One thing that tripped me up: you must use the same embedding model at both indexing time and query time. Mixing models produces garbage retrieval because the vector spaces are incompatible.

Step 3: Vector Store

Embeddings need somewhere to live. I used FAISS for local development — it's fast, runs in-memory, no server required.

from langchain.vectorstores import FAISS

vectorstore = FAISS.from_documents(chunks, embeddings)

# Persist to disk
vectorstore.save_local("faiss_index")

# Load later
vectorstore = FAISS.load_local("faiss_index", embeddings)

For production with large document sets, consider Pinecone or pgvector (Postgres extension). I moved to pgvector on Supabase for the hosted version — it keeps everything in one database rather than managing a separate vector service.

Step 4: The Retrieval Chain

This is where LangChain shines. A RetrievalQA chain wires the vector store retriever to the LLM automatically:

from langchain.chains import RetrievalQA
from langchain.chat_models import ChatOpenAI

llm = ChatOpenAI(model="gpt-4o-mini", temperature=0)

qa_chain = RetrievalQA.from_chain_type(
    llm=llm,
    chain_type="stuff",  # "stuff" = inject all chunks directly into prompt
    retriever=vectorstore.as_retriever(search_kwargs={"k": 4}),
    return_source_documents=True,
)

result = qa_chain({"query": "What are the main findings?"})
print(result["result"])
print(result["source_documents"])

The k=4 parameter controls how many chunks are retrieved. More chunks = more context = better answers, but also higher token cost and risk of hitting context limits. I settled on 4–6 for most use cases.

What I Got Wrong (and Fixed)

1. Not cleaning the documents

Raw PDFs are messy — headers, footers, page numbers, watermarks all end up in the chunks. A simple cleanup step before splitting made retrieval noticeably better:

import re

def clean_text(text: str) -> str:
    text = re.sub(r'\n{3,}', '\n\n', text)      # collapse excessive newlines
    text = re.sub(r'Page \d+ of \d+', '', text)  # remove page numbers
    text = text.strip()
    return text

2. No conversation memory

The first version answered each question in isolation. If you asked "Who wrote this?" and then "What did they conclude?", the second question had no context from the first.

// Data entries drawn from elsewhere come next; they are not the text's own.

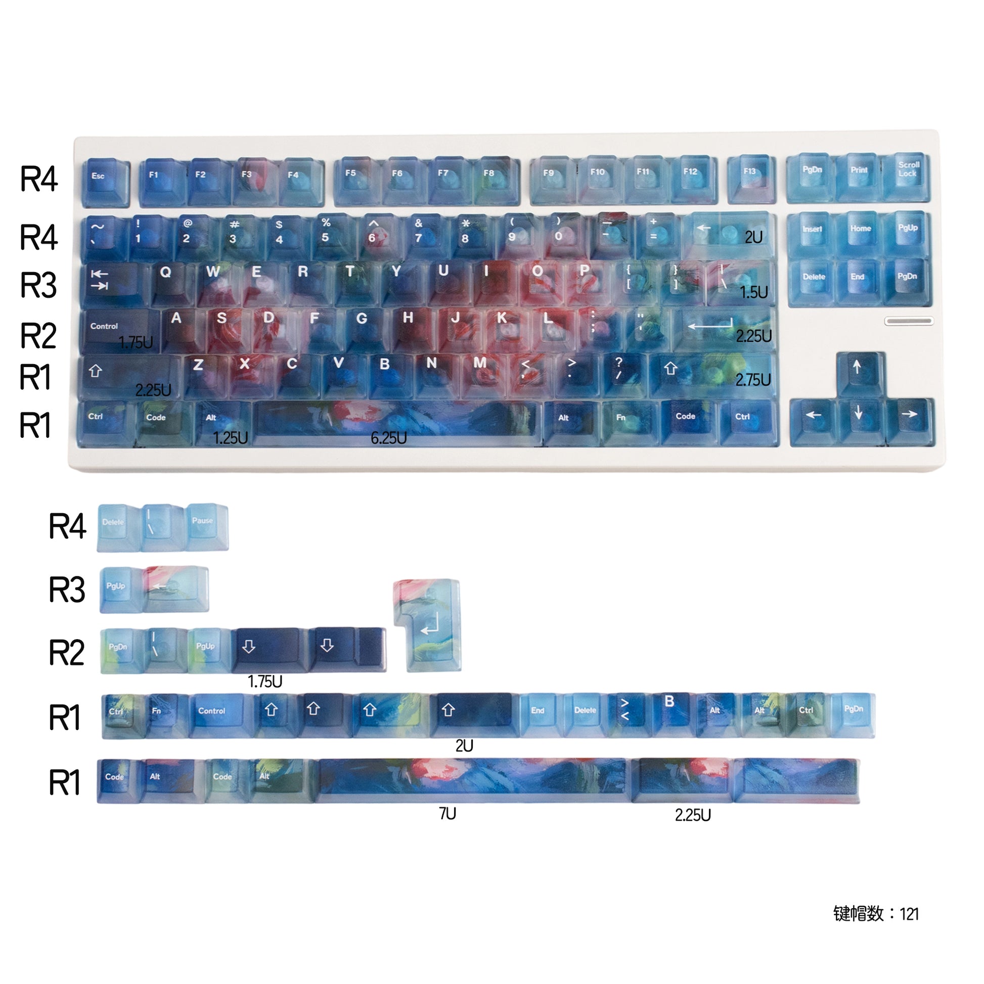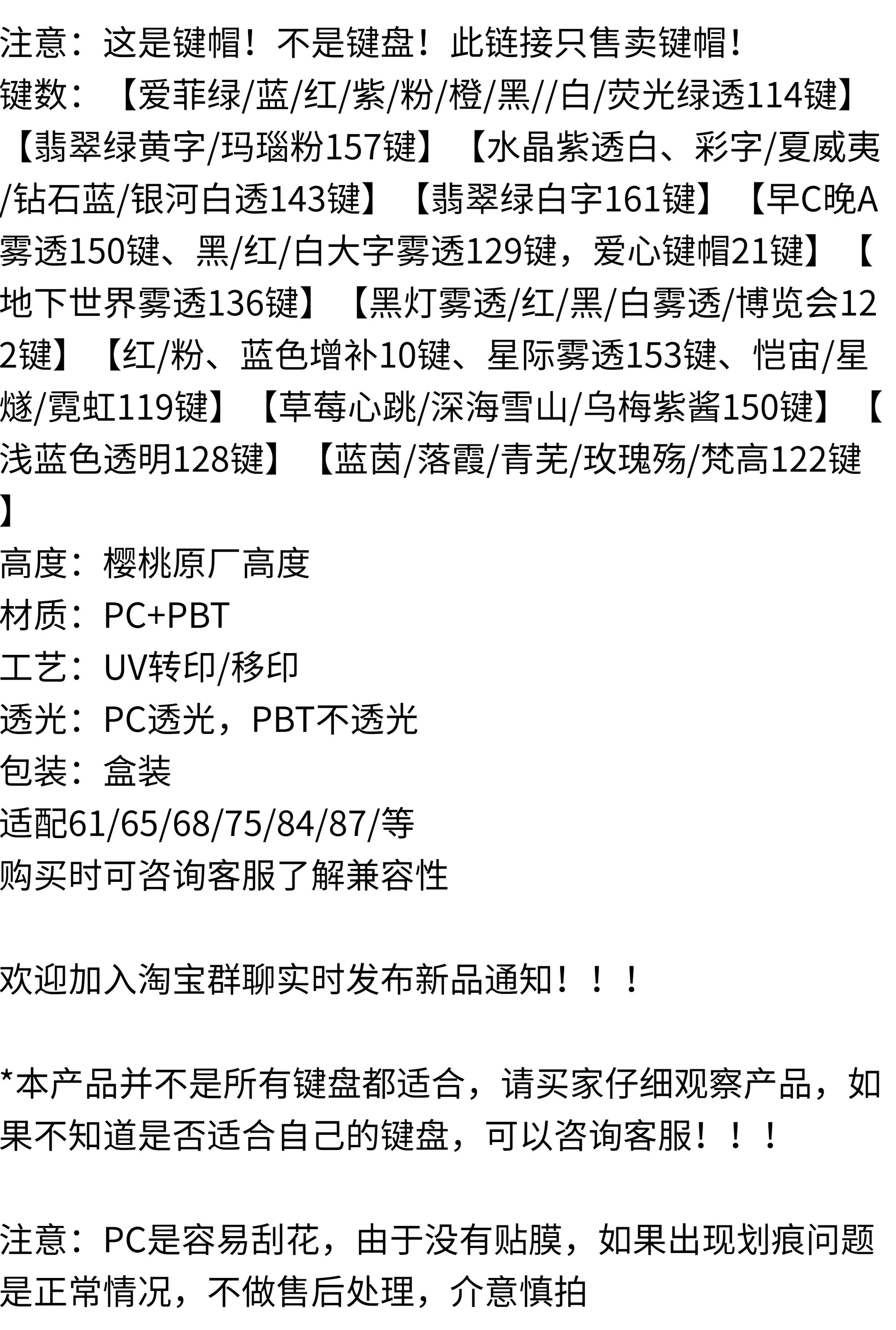 Aifei Keycap Hawaii/Agate Powder/Emerald Green Transparent Mechanical Keyboard Keycaps 157 Key PC Material Pad Printing Cherry Height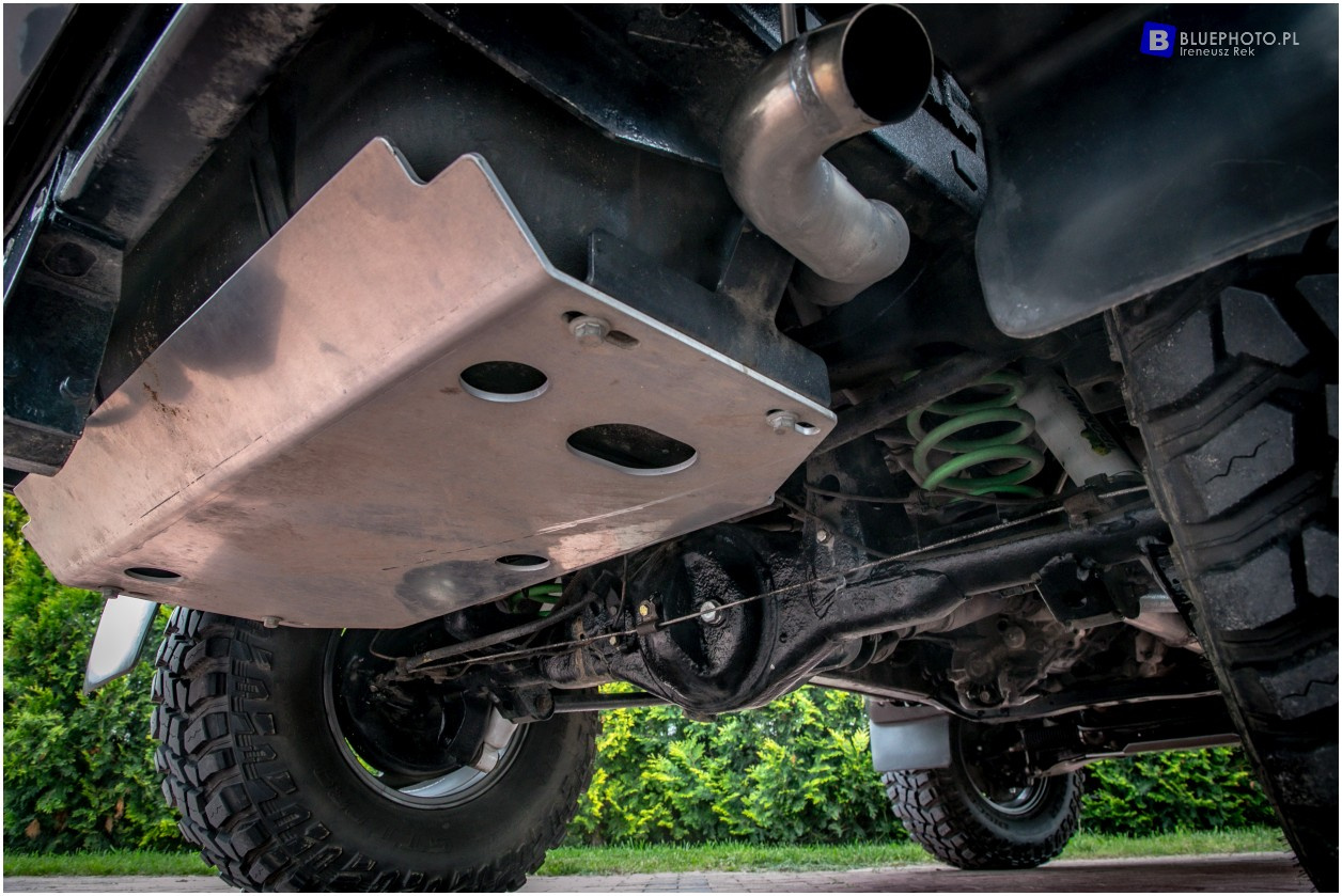 Auto terenowe powinno mieć również solidne osłony. W tym egzemplarzu zastosowano solidne, 6 mm, aluminiowe płyty chroniące przód oraz tył gdzie kryje się zbiornik paliwa.
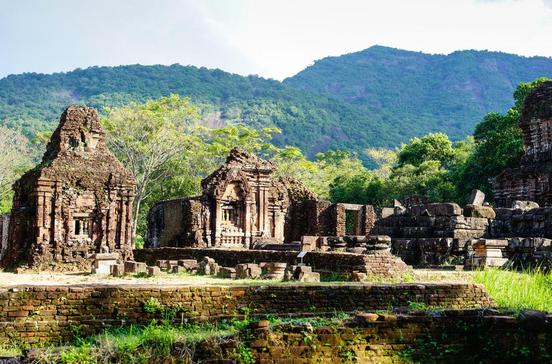 Urplötzlich ragen aus dem dichten Grün des Dschungels die bemoosten, von Farnen umrankten rostroten Tempeltürme von My Son. Vom 4.bis zum 13.Jh. war My Son das bedeutende religiöse und kulturelle Zentrum der Cham. Die Gründung des dem Gott Shiva geweihten Heiligtums wird dem Champa-König Bhadravarman zugeschrieben, dessen Herrschersitz nahe dem heutigen Tra Kieu lag. Seit dem 7.Jh. wurden die ersten, aus Holz errichteten Sakralbauten durch Ziegelbauten ersetzt. Beim Bau wurde weder Mörtel noch Kalk verwendet, das Harz des Cau-Day-Baums hielt die Mauern zusammen. My Son mag für manche Urlauber nur eine Ansammlung von vergessenen Ruinen sein - Türme, Mauern und Tempel, die zudem extrem unter dem Krieg gelitten haben. Nachdem Vietcong das Tal als vermeintlich sicheres Versteck entdeckt hatten, erklärte die US-Armeeführung die Region zur freien Feuerzone. Nur ein Bruchteil der ursprünglich 70 Sakralbauten blieb bei den Bombardements unbeschädigt. Wer aber die Kultur des Champa-Reichs vertiefend studieren möchte, kommt an My Son nicht vorbei. Zu Recht hat die Unesco die Tempelstadt 1999 unter den Schutz des Weltkulturerbes gestellt. Die Cham-Tempel unterhalb des Berges My Son (Schöner Berg) sind in vier Gruppen eingeteilt: Gruppe A zeigt Steinreliefs, Gruppe B ein prächtiges Tor, das sich zum Heiligtum öffnet. In Gruppe C weisen die Ziegelwände überwiegend Cham-Motive auf, und Gruppe D ist ein Ensemble aus sechs Gebäuden und dem sogenannten Stelenhof mit Opfertafeln. Da bis heute unzählige Landminen in der Erde um My Son verborgen sind, sollte man unter keinen Umständen die ausgewiesenen Pfade verlassen.
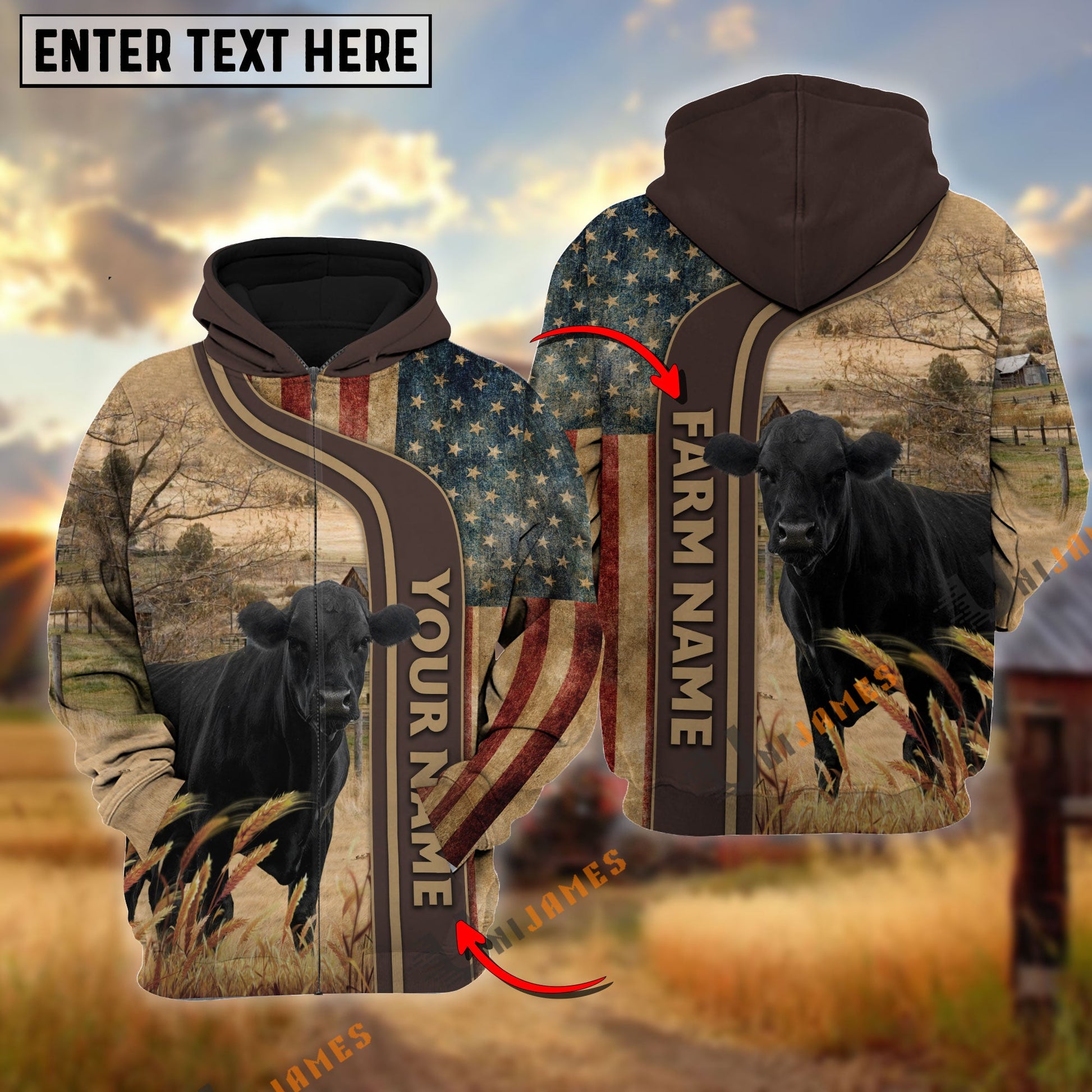 Uni Personalized Name, Farm Name Black Angus US Flag Hoodie

LangChain's ConversationalRetrievalChain fixes this with a memory buffer:

from langchain.chains import ConversationalRetrievalChain
from langchain.memory import ConversationBufferMemory

memory = ConversationBufferMemory(
    memory_key="chat_history",
    return_messages=True
)

chain = ConversationalRetrievalChain.from_llm(
    llm=llm,
    retriever=vectorstore.as_retriever(search_kwargs={"k": 4}),
    memory=memory,
)

3. Blindly trusting retrieval

Sometimes the retrieved chunks are irrelevant — the question has no good answer in the document. Without guardrails, the LLM invents one.

I added a simple system prompt instructing it to say "I don't know" when the context doesn't support an answer:

system_prompt = """You are a helpful assistant answering questions about a document.
Use ONLY the provided context to answer. If the context does not contain enough
information to answer the question, say "I don't have enough information in the
document to answer that." Do not make up information."""

This alone eliminated most hallucinations in my testing.

Results

After all these iterations, the system handles multi-turn Q&A over PDFs reliably. Accuracy on questions with clear answers in the document is high. The failure cases are mostly questions that require reasoning across widely separated sections — a known limitation of chunk-based retrieval that more advanced techniques like HyDE or re-ranking can help with.

What's Next

A few things I want to explore:

Hybrid search — combining vector similarity with BM25 keyword search usually outperforms either alone
Re-ranking — using a cross-encoder to re-score the top-k results before passing to the LLM
Agentic RAG — letting the model decide when to retrieve and what to search for, rather than always retrieving on every query

RAG is still a fast-moving space. What's considered best practice changes every few months. But the core ideas — chunk, embed, retrieve, generate — stay stable, and understanding them deeply makes it much easier to follow the new developments as they arrive.